Supplied material:

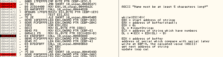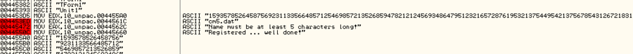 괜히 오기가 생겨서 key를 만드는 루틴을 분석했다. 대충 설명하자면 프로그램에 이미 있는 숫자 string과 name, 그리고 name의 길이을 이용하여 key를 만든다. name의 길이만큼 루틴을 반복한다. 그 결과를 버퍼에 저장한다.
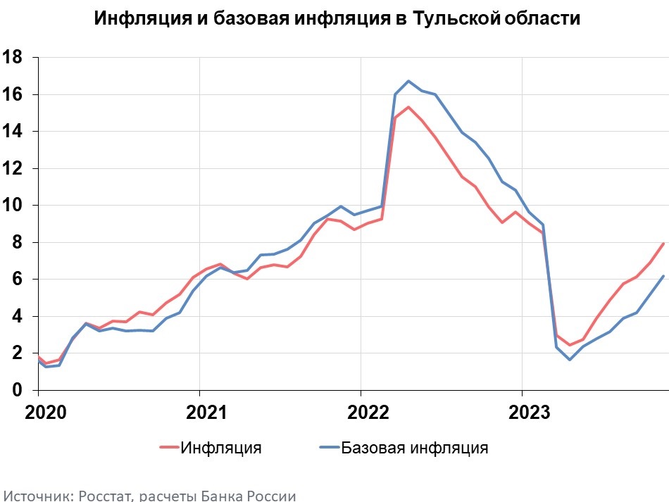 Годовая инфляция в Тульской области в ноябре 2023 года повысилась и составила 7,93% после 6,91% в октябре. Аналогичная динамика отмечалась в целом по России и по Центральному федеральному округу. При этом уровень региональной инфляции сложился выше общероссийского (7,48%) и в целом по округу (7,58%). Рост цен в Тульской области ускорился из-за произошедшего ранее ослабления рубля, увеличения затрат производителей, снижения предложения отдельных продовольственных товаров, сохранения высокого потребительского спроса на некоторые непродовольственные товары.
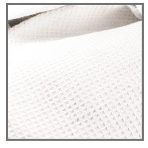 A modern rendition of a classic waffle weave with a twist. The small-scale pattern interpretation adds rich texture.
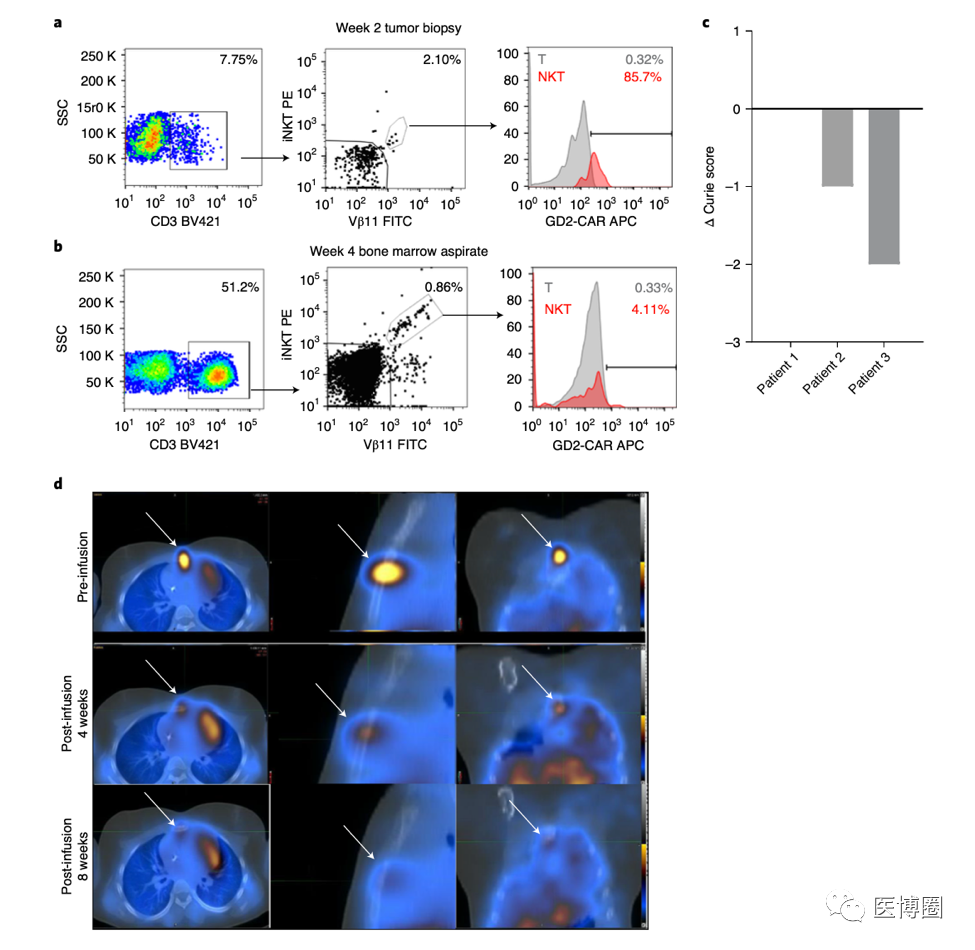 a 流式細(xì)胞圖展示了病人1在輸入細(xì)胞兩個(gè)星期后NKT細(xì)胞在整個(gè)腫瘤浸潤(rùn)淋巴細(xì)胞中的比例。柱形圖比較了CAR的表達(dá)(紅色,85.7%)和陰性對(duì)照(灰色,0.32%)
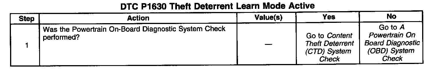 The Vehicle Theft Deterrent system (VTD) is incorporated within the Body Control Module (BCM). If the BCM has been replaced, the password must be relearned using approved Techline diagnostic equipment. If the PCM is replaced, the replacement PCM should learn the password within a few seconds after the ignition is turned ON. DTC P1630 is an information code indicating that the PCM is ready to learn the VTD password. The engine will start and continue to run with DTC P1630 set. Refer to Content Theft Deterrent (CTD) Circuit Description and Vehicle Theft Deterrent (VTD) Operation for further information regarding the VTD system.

==

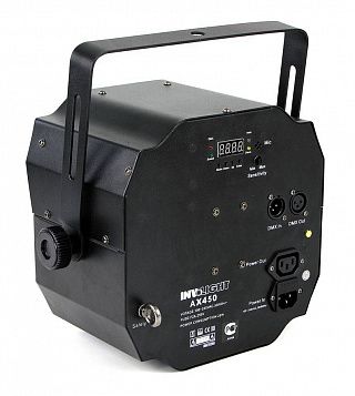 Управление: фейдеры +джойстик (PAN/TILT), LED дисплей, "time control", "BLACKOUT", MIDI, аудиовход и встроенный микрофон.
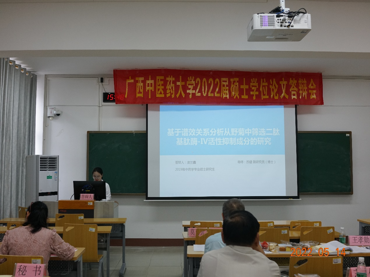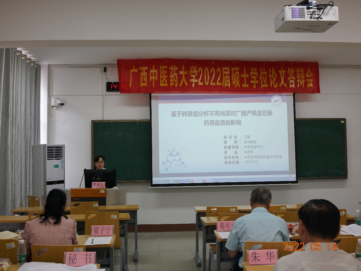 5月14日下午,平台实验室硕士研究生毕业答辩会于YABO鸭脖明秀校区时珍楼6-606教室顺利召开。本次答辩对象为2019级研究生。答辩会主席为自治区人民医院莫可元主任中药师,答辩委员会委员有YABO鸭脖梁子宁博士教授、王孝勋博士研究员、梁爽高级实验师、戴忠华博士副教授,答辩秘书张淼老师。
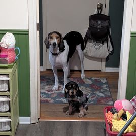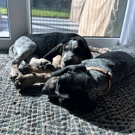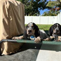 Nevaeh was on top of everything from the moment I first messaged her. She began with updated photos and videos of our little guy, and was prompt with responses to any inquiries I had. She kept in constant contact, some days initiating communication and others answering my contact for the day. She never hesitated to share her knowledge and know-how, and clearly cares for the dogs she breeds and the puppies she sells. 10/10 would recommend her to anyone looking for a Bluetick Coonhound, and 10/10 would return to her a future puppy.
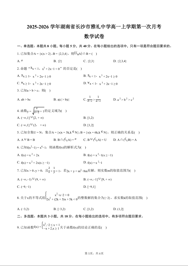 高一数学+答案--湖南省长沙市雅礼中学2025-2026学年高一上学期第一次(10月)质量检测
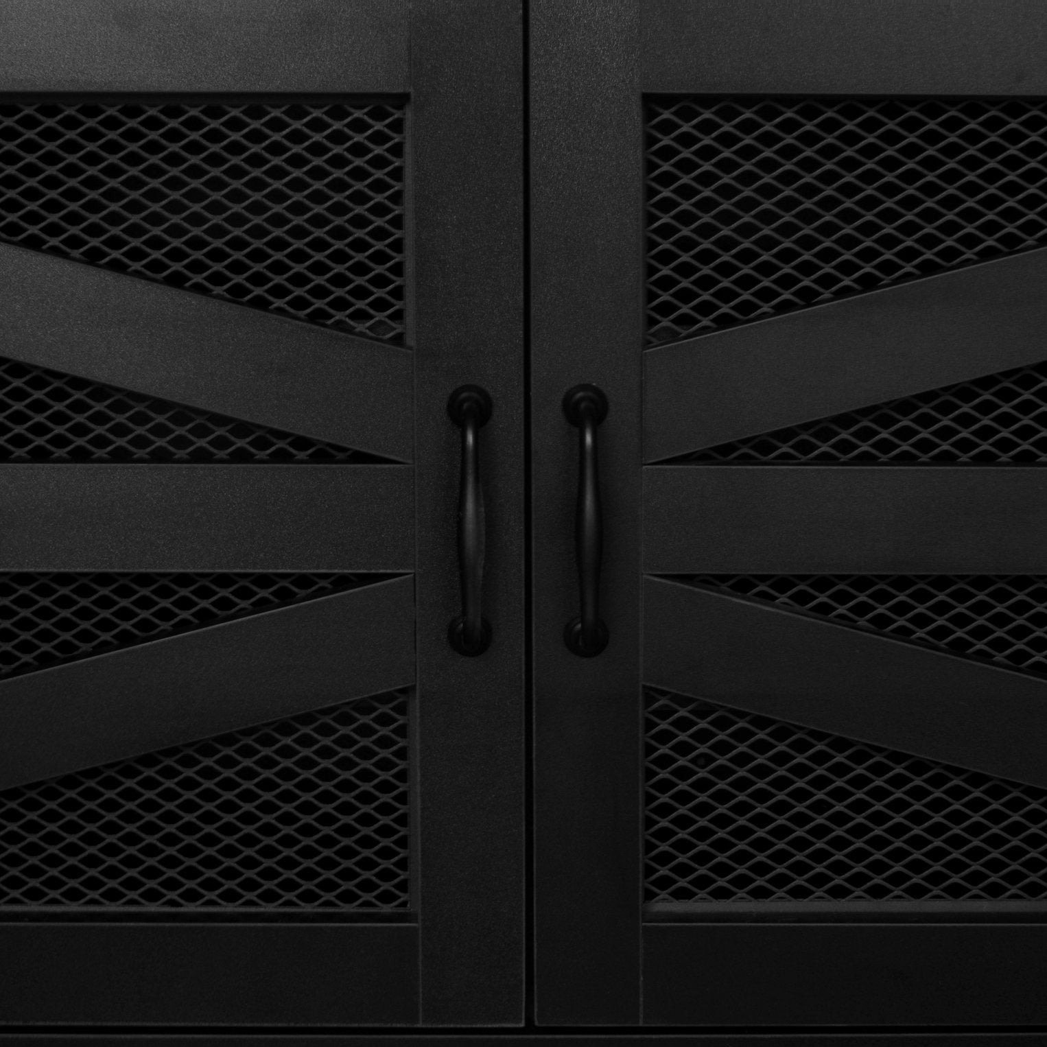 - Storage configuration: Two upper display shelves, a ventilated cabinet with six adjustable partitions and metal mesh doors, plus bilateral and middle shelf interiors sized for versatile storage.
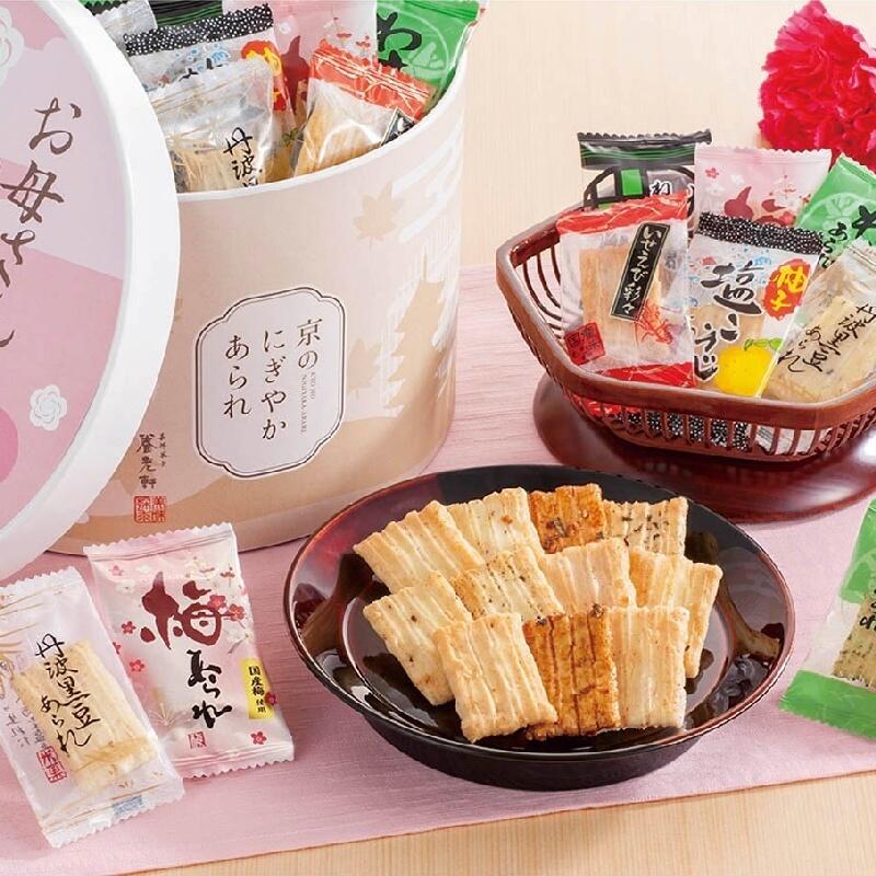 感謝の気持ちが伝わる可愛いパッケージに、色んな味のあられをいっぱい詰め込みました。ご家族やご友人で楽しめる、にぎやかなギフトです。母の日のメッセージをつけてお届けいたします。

To do: Please return the data above exactly as it stands from the line with "高一数学+答案--湖南省长沙" to the line with "感謝の気持ちが伝わる可愛いパ", keeping both of those lines but none of the pictures.

Exercise output:
 高一数学+答案--湖南省长沙市雅礼中学2025-2026学年高一上学期第一次(10月)质量检测
 - Storage configuration: Two upper display shelves, a ventilated cabinet with six adjustable partitions and metal mesh doors, plus bilateral and middle shelf interiors sized for versatile storage.
 感謝の気持ちが伝わる可愛いパッケージに、色んな味のあられをいっぱい詰め込みました。ご家族やご友人で楽しめる、にぎやかなギフトです。母の日のメッセージをつけてお届けいたします。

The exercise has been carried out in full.